David Cameron said something interesting about immigration yesterday:

People have understandably become frustrated. It boils down to one word: control. People want Government to have control over the numbers of people coming here.

Let's leave aside the fact that Cameron himself has added to this frustration by not delivering upon his promise to reduce immigration. I suspect that, in these words, Cameron has highlighted why economists and the public differ so much about immigration.

We economists are pretty sure that, except perhaps for a small adverse effect upon the least skilled, immigration has been a net benefit (pdf) for the economy.

But this doesn't convince most people. Instead, as Ben says, many have an inchoate and inarticulate feeling that immigration might disrupt their sense of home: the fact that people are (generally) most worried about immigration in areas where there is least immigration is entirely consistent with with feeling: uncertainty is often greatest where hard knowledge is lowest. They want "control" because this would reduce the uncertainty they feel.

And herein, perhaps, lies the reason for the difference between economists and the public. We economists are aware that uncontrolled processes - what Hayek called spontaneous order - often have benign effects. Yes, free markets sometimes fail. But they very often work.

Non-economists, however, are less aware of this. It might be no accident that those who are most worried about immigration also favour greater state intervention in the economy generally: 83% of Ukip voters think (pdf) the government should control prices and big majorities of them support nationalization. Adam Smith spoke of the "invisible hand" for a good reason - because people cannot see the adjustment mechanisms which ensure that a benign order often arises from processes which are not controlled by conscious human agency. Here's Hayek:

Some persons are so troubled by some effects of the market order that they overlook how unlikely and even wonderful it is to find such an order prevailing in the greater part of the modern world, a world in which we find thousands of millions of people working in a constantly changing environment, providing means of subsistence for others who are mostly unknown to them, and at the same time finding satisfied their own expectations that they themselves will receive goods and services produced by equally unknown people. Even in the worst of times something like nine out of ten of them will find these expectations confirmed.
Such an order, although far from perfect and often inefficient, can extend farther than any order men could create by deliberately putting countless elements into selected `appropriate' places. (The Fatal Conceit (pdf), p84.)

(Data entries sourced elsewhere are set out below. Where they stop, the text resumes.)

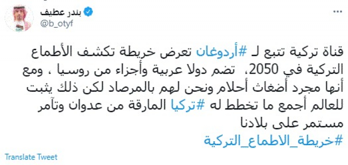 علق الإعلامي السعودي بندر عطيف، اليوم، على واقعة نشر التلفزيون التركي لخريطة نفوذ بلاده لعام 2050، مؤكدًا أن ذلك يثبت للعالم أجمع ما تخطط له تركيا من عدوان وتآمر على المنطقة.
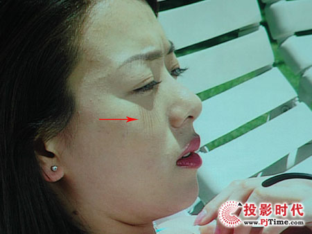 上面的图片视频格式是720P的高清视频,当然通过VGA输入后效果肯定是有明显的下降了,但我们从投影画面中可以看到人物的还是表现非常自然,画面色彩也是非常鲜艳;在下面这张图片中我们看到在播报新闻的主持人的表情非常严肃,人物的细节表现也都很到位。
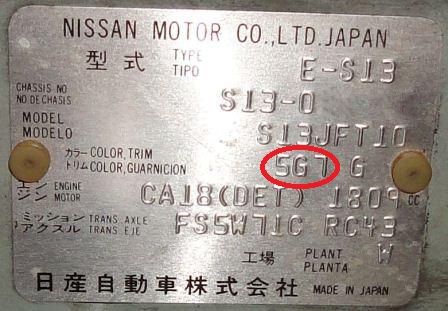 - Nissan – табличка с вин — кодом, из которой Вы узнаете код краски авто, находится на передней левой или правой стойке, под капотом, под сиденьем.
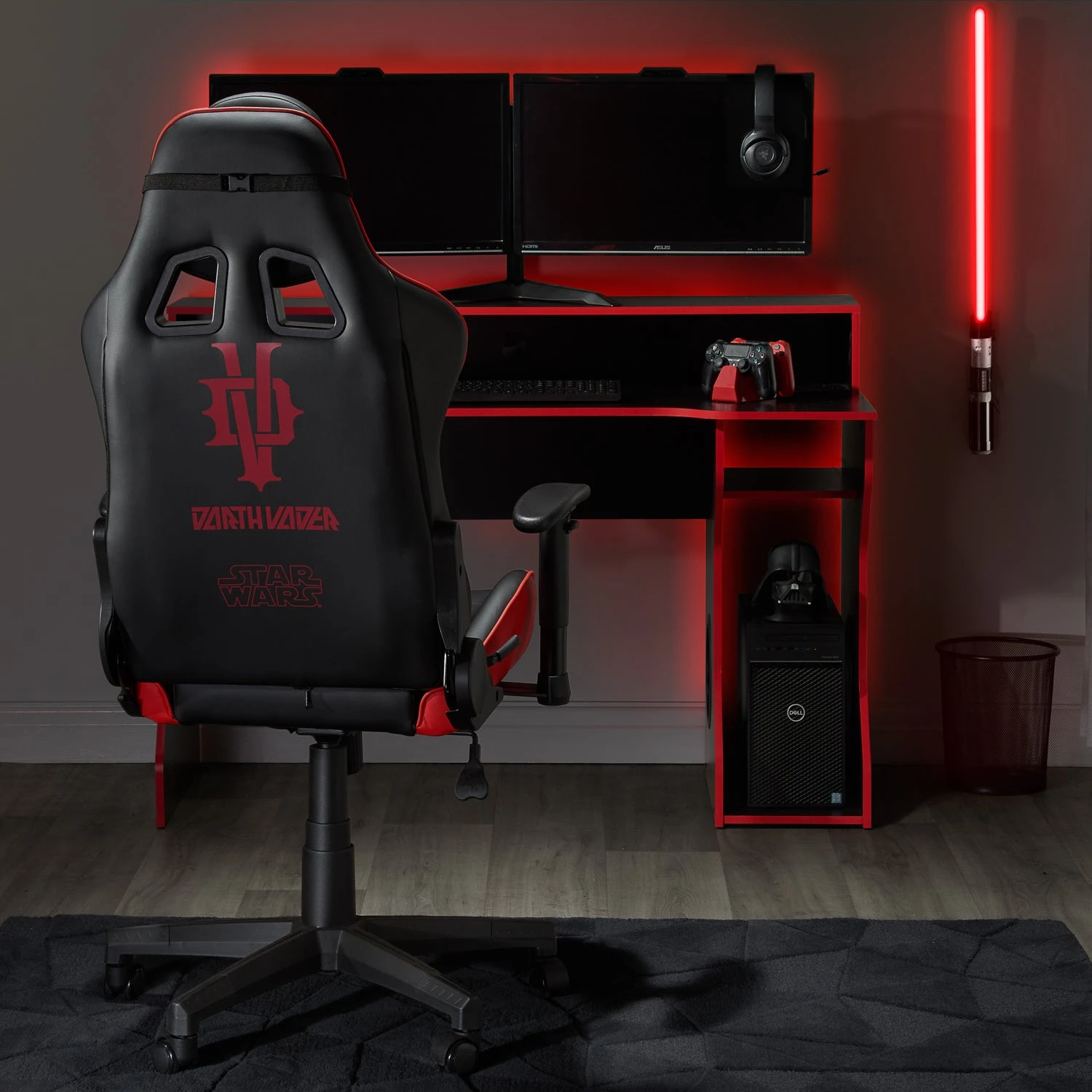 The Darth Vader computer gaming chair is ergonomically designed for hours of gaming comfort. Featuring a Darth Vader head as a headrest, and a fully adjustable, swivel and lock mechanism seat which offers enhanced support and stability during those longer gaming sessions.
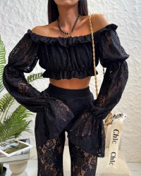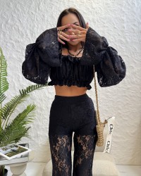 Czarna bluzka hiszpanka z koronki z bufiastymi rękawami. Kobiecy krój, idealny na letnie stylizacje i wieczorne wyjścia.
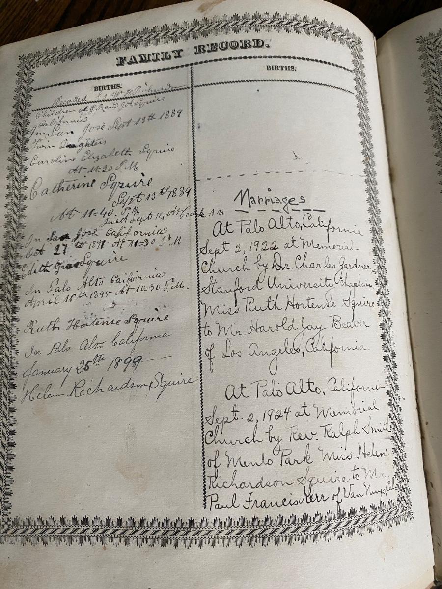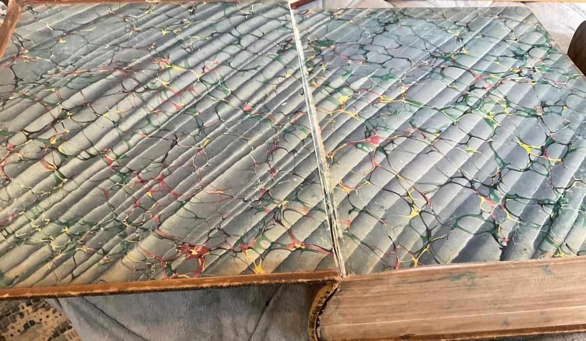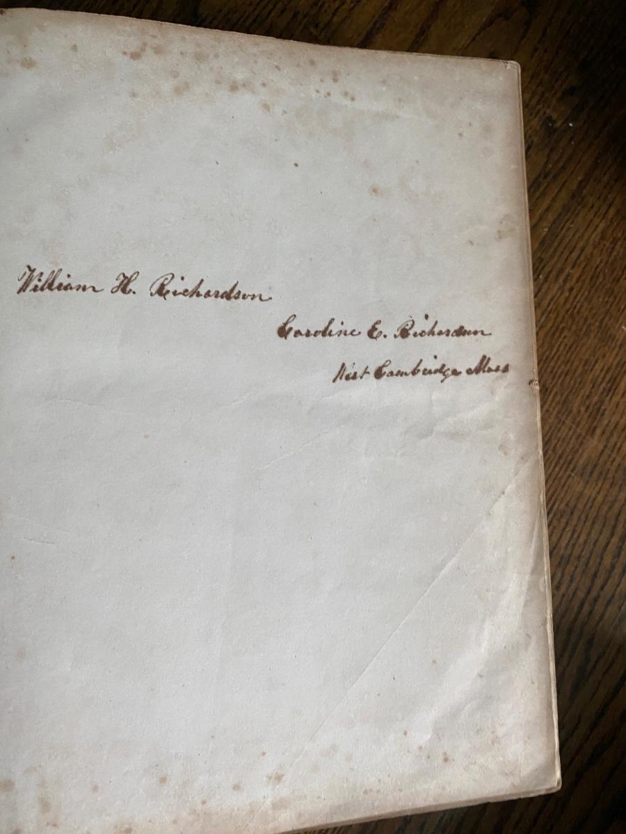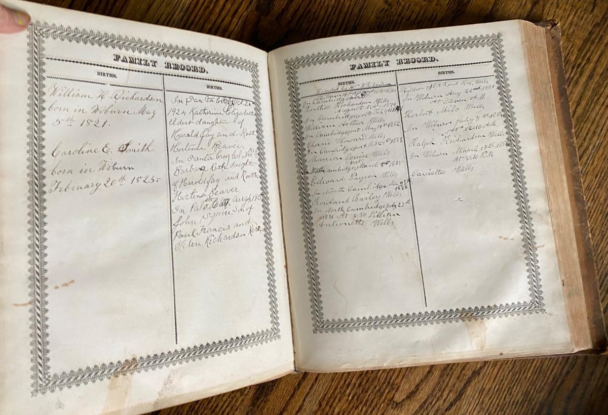 Wonderful old 1845 bible of William Harris Richardson of Woburn Mass and his wife Caroline Elizabeth Smith of Winchester . Great resource for genealogy of the the Richardson family with 8 pages of family data all the way through marriage of granddaughter Helen Richardson Squire to Paul Francis Kerr, noted geologist.
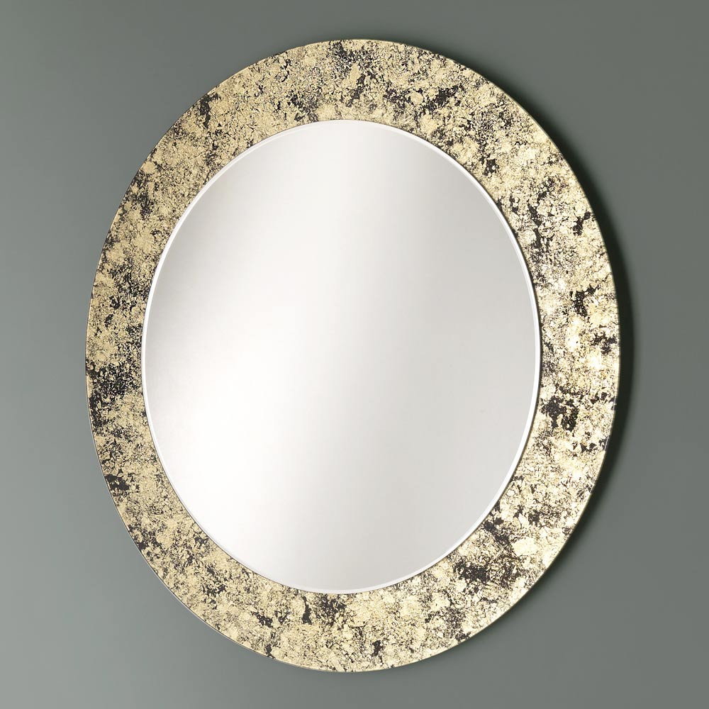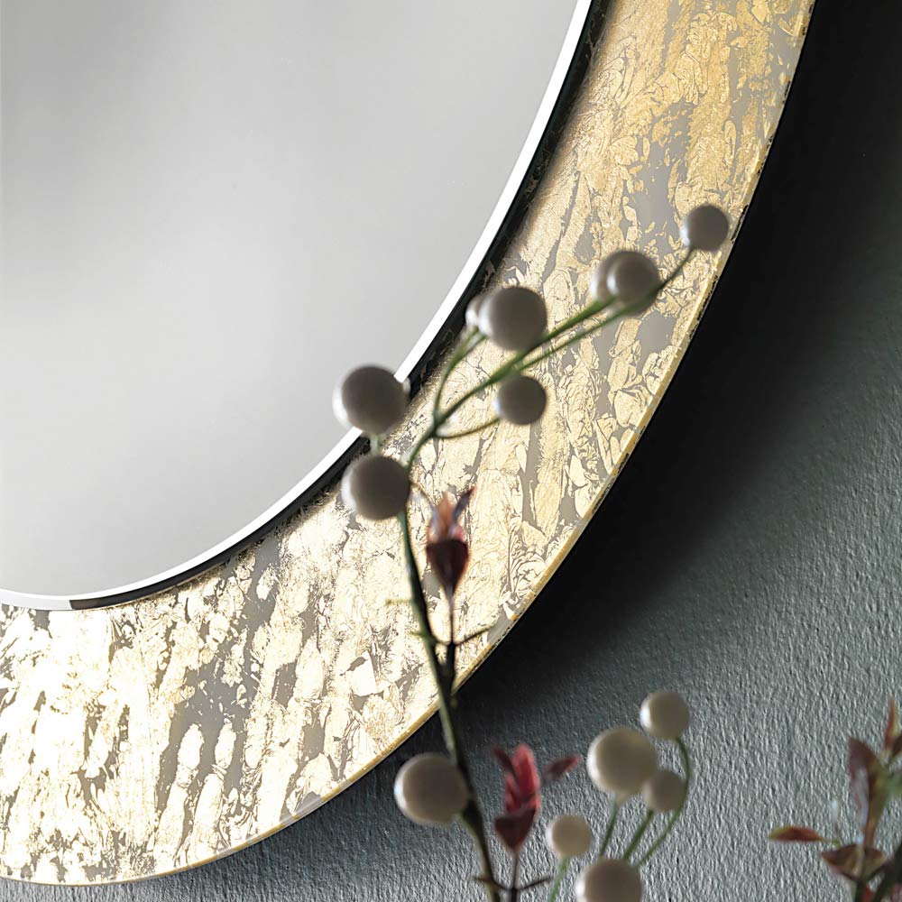 Dieser runde Wandspiegel zeichnet sich durch sein feines Design mit einem blattdekorierten Glasrahmen in vier verschiedenen und eleganten Ausführungen aus. Ideal für die Schaffung luxuriöser und raffinierter Atmosphären, passt es sich an verschiedene Kontexte an, um die Umgebung zu charakterisieren.
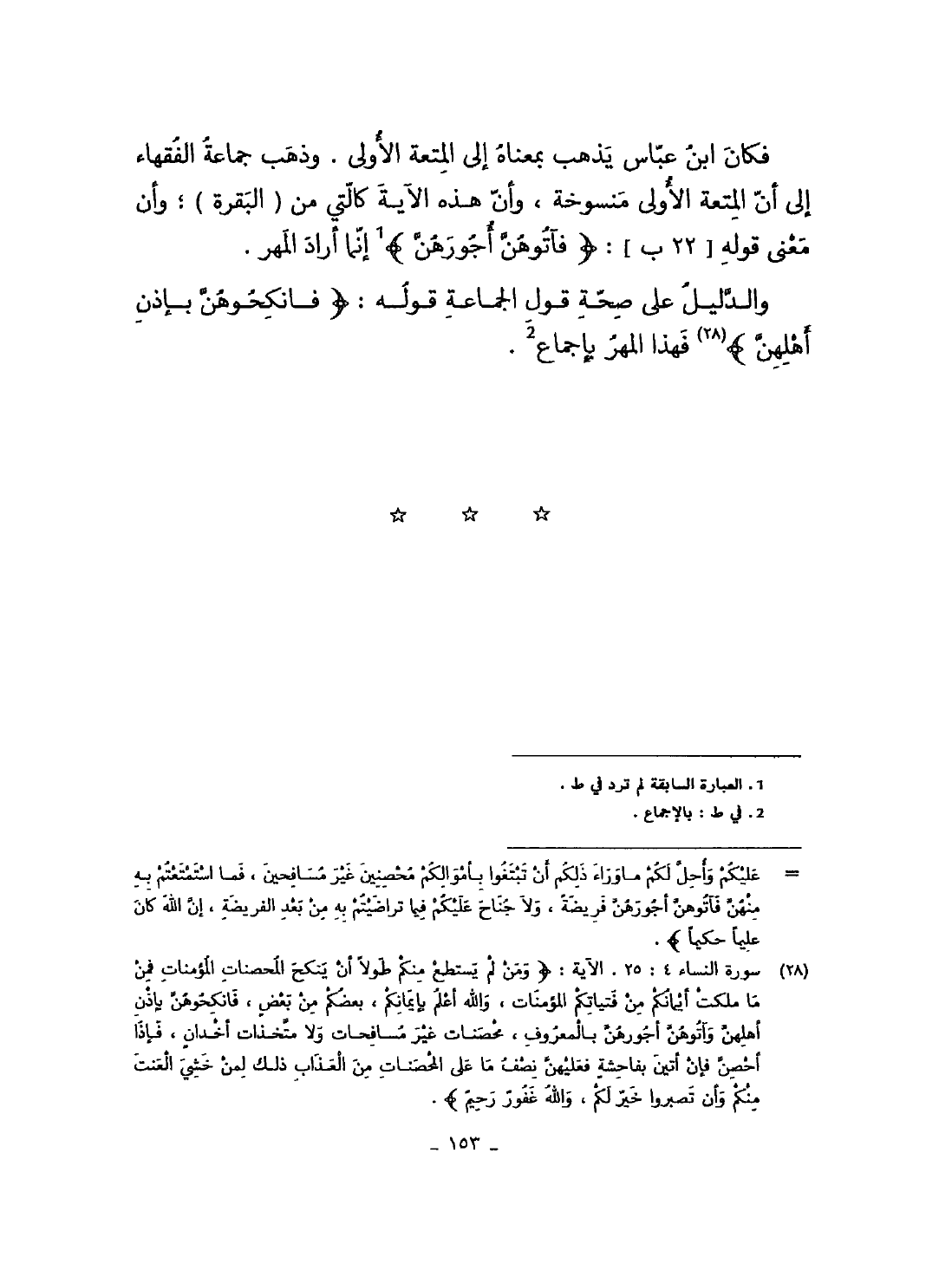 فَكَانَ ابْن عَبَّاس يذهب بِمَعْنَاهُ الى الْمُتْعَة الأولى وَذهب جمَاعَة الْفُقَهَاء الى أَن الْمُتْعَة الأولى مَنْسُوخَة وَأَن هَذِه الْآيَة كَالَّتِي من الْبَقَرَة وَأَن معنى قَوْله 22 ب {فَآتُوهُنَّ أُجُورهنَّ} انما أَرَادَ الْمهْر

This, I suspect, accounts for the difference between economists and most of the public; economists have a greater presumption than the public than uncontrolled processes are a good thing.

But is this presumption correct? I'm pretty sure it is in the economic sphere. But what of the non-economic sphere, that feeling of "home" of which Ben wrote? Again, my hunch is that the presumption is correct: the integration of Jews, West Indians and Ugandan Asians is strong empirical evidence that immigration enriches society, and that fears of it are due to the reification fallacy.

There is, though, a counter-argument here. Inductive reasoning is dubious: just because something has worked in the past doesn't mean it will continue to do so. And we have a reason to fear it mightn't. Spontaneous order isn't always benign. Markets do sometimes fail. And Marxists and feminists can reasonably argue that patriarchy and capitalist exploitation are also examples of spontaneous order.

I don't know for sure whether this counter-argument applies. The question of whether spontaneous emergent processes are benign or not depends upon context. I suspect, though, that this is the unspoken issue that underlies much of the immigration debate. In drawing attention to this, Mr Cameron has been admirably insightful.